Esther Heller tells me she used to be a dancer.  She says she won competitions in Paris and Athens and even Kamchatka (although she no longer is certain where that is.)  She used to teach dancing in Denver.  Waltzes and Polkas and Fox Trots.  She did it for free so people could learn to move their feet.  But now Esther’s feet have betrayed her.  Until a couple weeks ago, 90 year old Esther lived in her own apartment, overlooking the college where she also taught French for many years.  Over the past years she hardly went out but she led the life she chose.  Then she fell and broke her arm. 

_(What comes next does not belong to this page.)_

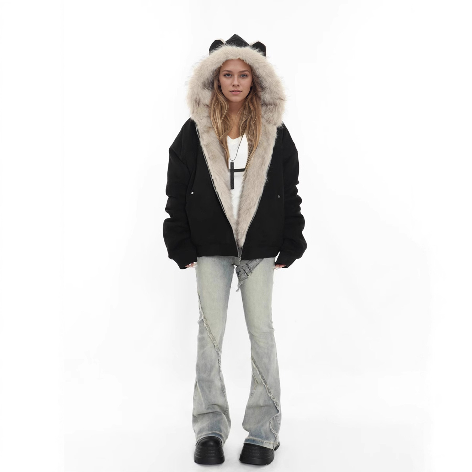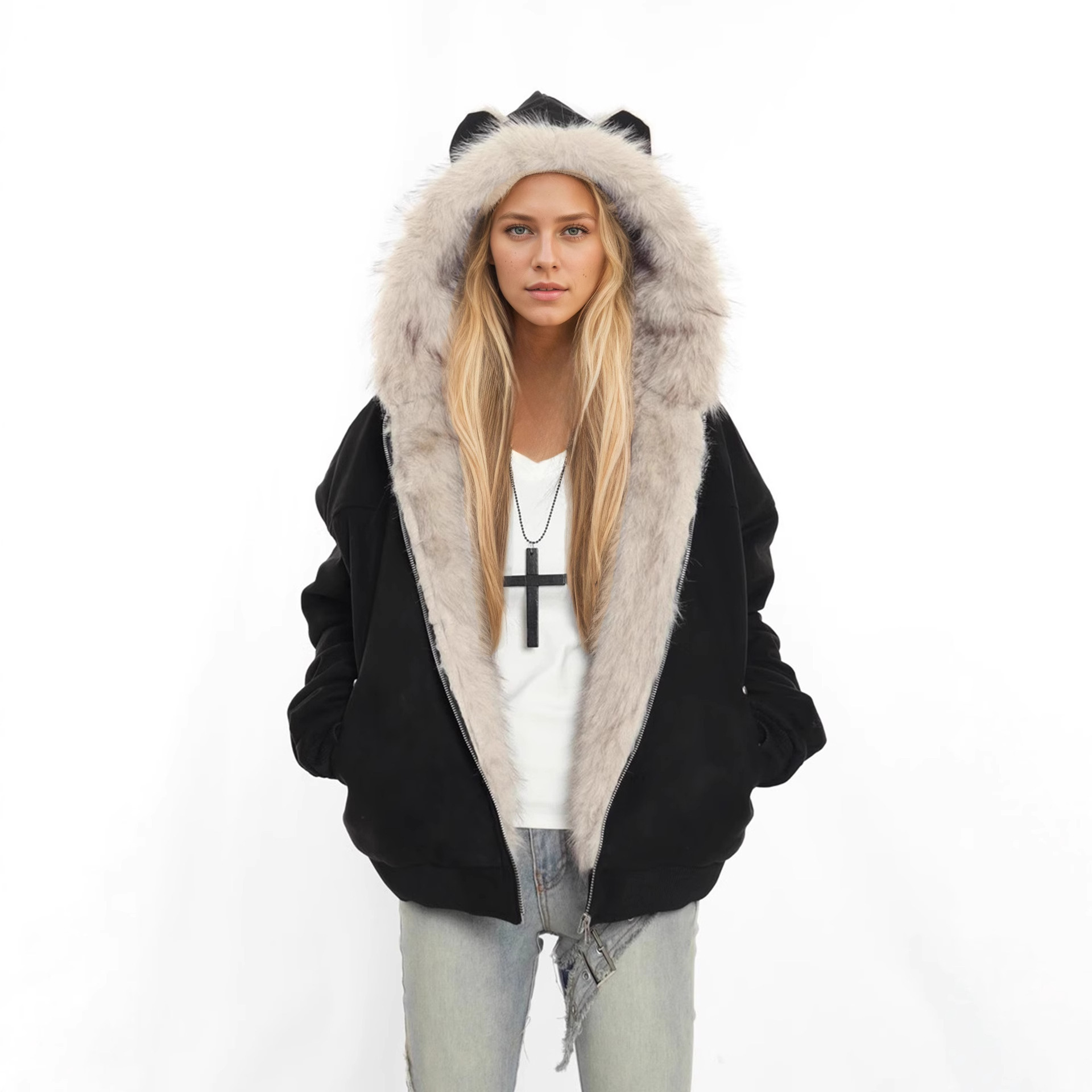 Fur collar material: Faux fur

Now Esther, who says she visited 200 countries and speaks 12 languages, lives in a assisted living world called Shalom Park.  She lies in bed and politely refuses to eat.  She likes Ginger Ale so she drinks a bit.  Each day she grows weaker and each day dementia takes more of the memories that have sustained her for a lifetime.  The memories of Poland and the family she lost in the Holocaust and how she didn’t go to school and how she was put to work at 13 and somehow out of sheer will she managed to go to college and eventually become a teacher at the Emily Griffith Opportunity School. 

I come in to visit her but she doesn’t remember who I am anymore or that I am the one who brought her the orange tulips.  She wants to know what day it is, what time it is, and why so many people keep coming into her room.  I show her pictures of places she has seen in Israel, Rome, Istanbul and Prague.  She looks at the Coliseum and the Western Wall in Jerusalem and says “I can’t place it.”  Now and then memories flicker by and she smiles sadly.  But she remembers she used to be a dancer and how she won competitions and taught people how to move.  From where I sit, in the chair across from her bed, Esther seems to be choreographing her last dance.  She has chosen not to follow.  She will do it her way.  She will lead as she dances out of the world.

NOTE: Esther Heller died peacefully in her sleep on December 3, 2009.  I was blessed to know her and am grateful that I had the opportunity to hear her stories.